What are the pros/cons from a performance/indexing/data management perspective of creating a one-to-one relationship between tables using the primary key on the child as foreign key, versus a pure surrogate primary key on the child? The first approach seems to reduce redundancy and nicely constrains the one-to-one implicitly, while the second approach seems to be favored by DBAs, even though it creates a second index:
从性能/索引/数据管理的角度来看,使用子表上的主键作为外键在表之间创建一对一的关系,与使用子表上的纯代理主键相比,有什么优缺点?第一个方法似乎减少了冗余,并巧妙地限制了一对一的方式,而第二种方法似乎得到了dba的青睐,尽管它创建了第二个索引:
create table parent (
id integer primary key,
data varchar(50)
)
create table child (
id integer primary key references parent(id),
data varchar(50)
)
pure surrogate key:
纯代理键:
create table parent (
id integer primary key,
data varchar(50)
)
create table child (
id integer primary key,
parent_id integer unique references parent(id),
data varchar(50)
)
the platforms of interest here are Postgresql, Microsoft SQL Server.
这里感兴趣的平台是Postgresql、Microsoft SQL Server。
Edit:
编辑:
So here is the basic idea from an actual DBA. The main concern is index fragmentation on the child table. Suppose records with primary keys 1-1000000 are inserted into the parent table, nothing in the child table. Later, ad-hoc operations begin to populate the child table with rows that correspond to those in the parent table, but in a random order. The concern is that this will cause page splits on inserts, cause index fragmentation, and cause the "swiss cheese" effect for deletes. I will admit that these are not terms I am deeply familiar with, and when googling for them, the hits seem to be all Microsoft SQL server related. Are these MS-specific concerns (i.e., does PG's ANALYZE and such mitigate the issue on PG)? If so then this is yet another reason to use a database like Postgresql.
这就是DBA的基本思想。主要关注的是子表上的索引碎片。假设将主键为1-1000000的记录插入到父表中,子表中没有任何项。稍后,ad-hoc操作开始用与父表中对应的行填充子表,但顺序是随机的。令人担心的是,这会导致插入的页面分割,导致索引碎片化,并导致“瑞士奶酪”对删除的影响。我得承认,这些术语我不是很熟悉,当我搜索它们时,它们的点击量似乎都是与Microsoft SQL server相关的。
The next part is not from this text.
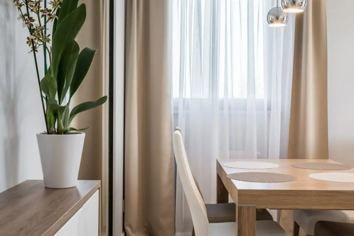 The immaculateness and naturalness of the entire arrangement are given not only by the extensive use of natural wood but also by the accessorizing with decorative plants, the perfect ingredient for visually refreshing the home.

这些是特定于ms的关注点吗?,PG的分析和这样的缓解对PG的问题吗?如果是的话,这也是使用Postgresql这样的数据库的另一个原因。
2 个解决方案
#1
5
If it's a strict 1-1 relationship, I see no reason not to use the first option.
如果是严格的1-1关系,我认为没有理由不使用第一个选项。
The second option provides some flexibility to make it a 1-many relationship later though, which is probably why DBAs might favor that option.
第二个选项提供了一些灵活性,使它在以后成为一个1-many关系,这可能是dba喜欢这个选项的原因。
#2
1
First, if you have a 1:1 relationship, there is no problem with the primary key of a table also representing a foreign key to another table and in fact I would suggest that this is the preferred approach.
首先,如果您有一个1:1的关系,那么表的主键也代表另一个表的外键就没有问题,事实上,我认为这是首选的方法。
Second, with any 1:1 relationship, the first question should obviously be whether the relationship is needed as typically you can simply include the columns in the child table into the main table. That said, there are times when a 1:1 relationship obviously makes sense.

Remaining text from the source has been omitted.